Two cases will decide whether police can peek at your selfies

The US Supreme Court on Friday agreed to hear a pair of cases to determine whether police need a warrant to search the mobile phones of people they have arrested.

The Fourth Amendment to the US Constitution forbids "unreasonable" search and seizure, but in 1973 the Supreme Court ruled that conducting a full search of an arrestee's person and belongings was not unreasonable, even without a search warrant.

That was long before the smartphone era, however, and in more recent cases, various state and federal courts have been divided as to whether downloading the contents of a phone is the same thing as, say, looking inside a pack of cigarettes.

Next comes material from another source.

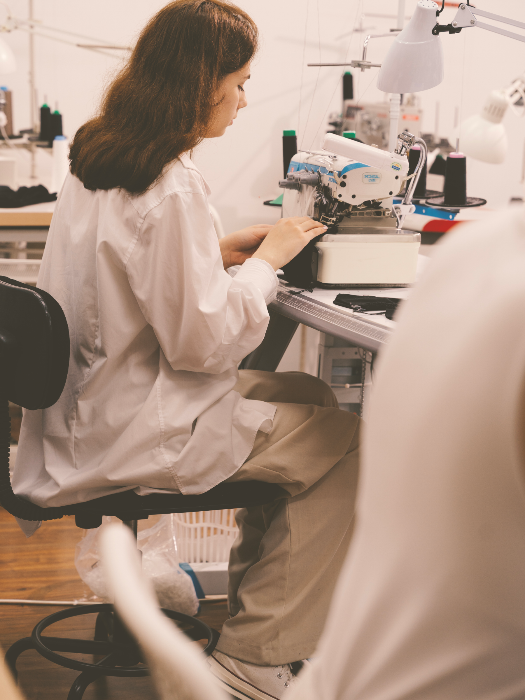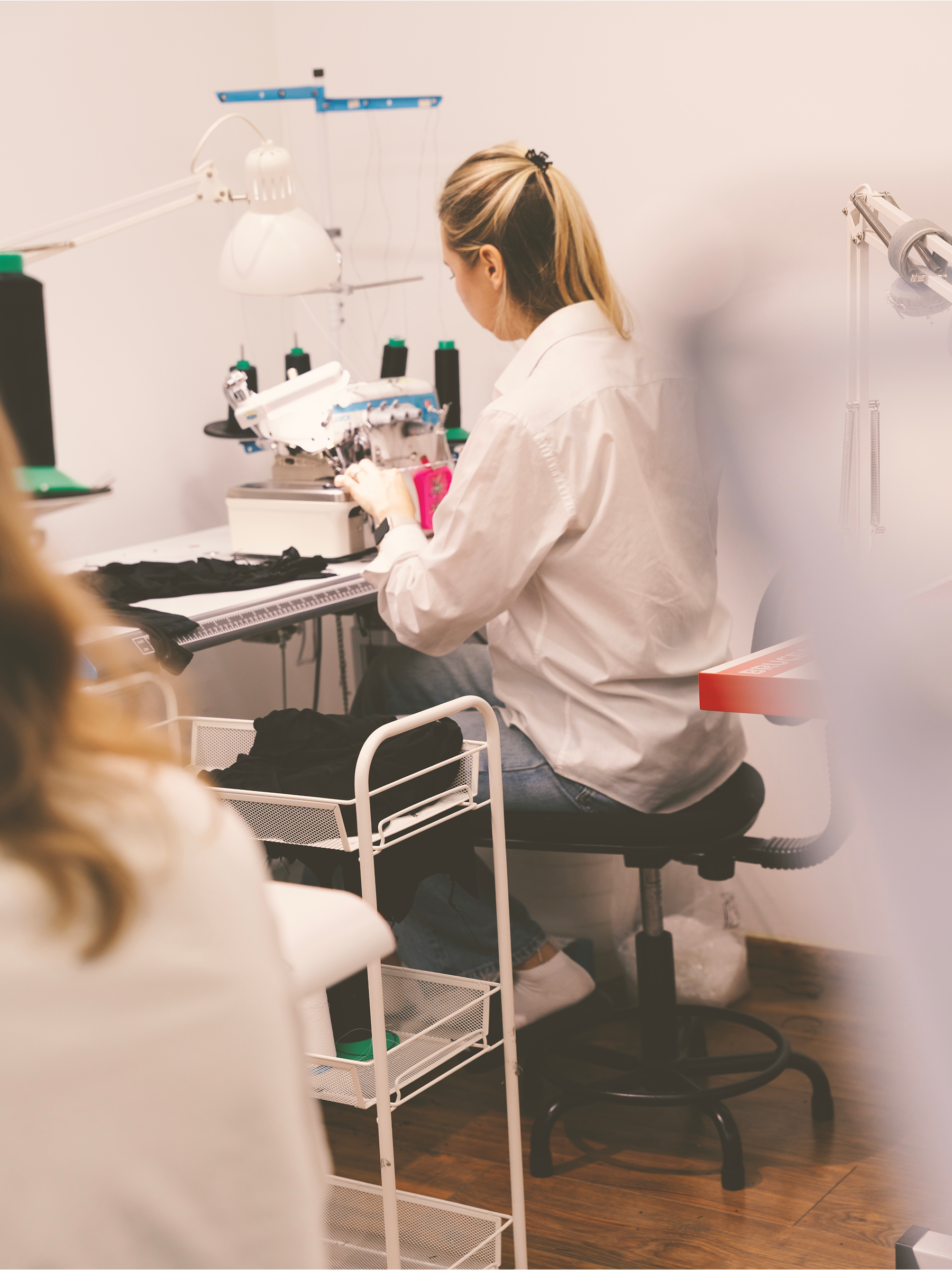 A light-filled studio, modern equipment for the most delicate seams, transparency, and decent working conditions.

Appeals to the Supremes to decide the matter have come from both sides of the fence.

In one case, attorneys for David Leon Riley, a California man serving a 15-year sentence for attempted murder and other crimes, are seeking to invalidate photos, videos, and other evidence presented during his trial that police obtained from his phone without a warrant.

In convicting Riley, the court ruled that "the cell phone, which as I understand it was on [Riley's] person at the time of the arrest, would fall into the category of a booking search, the scope of which is very broad." An appeals court later upheld [PDF] that decision.

But in a separate case involving a conviction for drug sales in Massachusetts, the US First Circuit Court of Appeals sided with the defendant, arguing that law enforcement's authority to search mobile phones isn't so cut and dried.

"Today, many Americans store their most personal 'papers' and 'effects' ... in electronic format on a cell phone, carried on the person," the court wrote in its decision. "Allowing the police to search that data without a warrant any time they conduct a lawful arrest would, in our view, create 'a serious and recurring threat to the privacy of countless individuals.'" Prosecutors are hoping the Supreme Court will disagree.

In an order [PDF] issued on Friday, the high court agreed to hear both cases, although in Riley's case it said it would only hear arguments on whether the search of Riley's mobile phone violated his Fourth Amendment rights.

Notably, the court did not consolidate the two cases, which presumably means they will be argued and decided separately.

How the Supremes ultimately rule could have broad implications beyond searches of phones. In the Massachusetts case, the court observed, "The government admitted at oral argument that its interpretation of the search-incident-to-arrest exception would give law enforcement broad latitude to search any electronic device seized from a person during his lawful arrest, including a laptop computer or a tablet device such as an iPad."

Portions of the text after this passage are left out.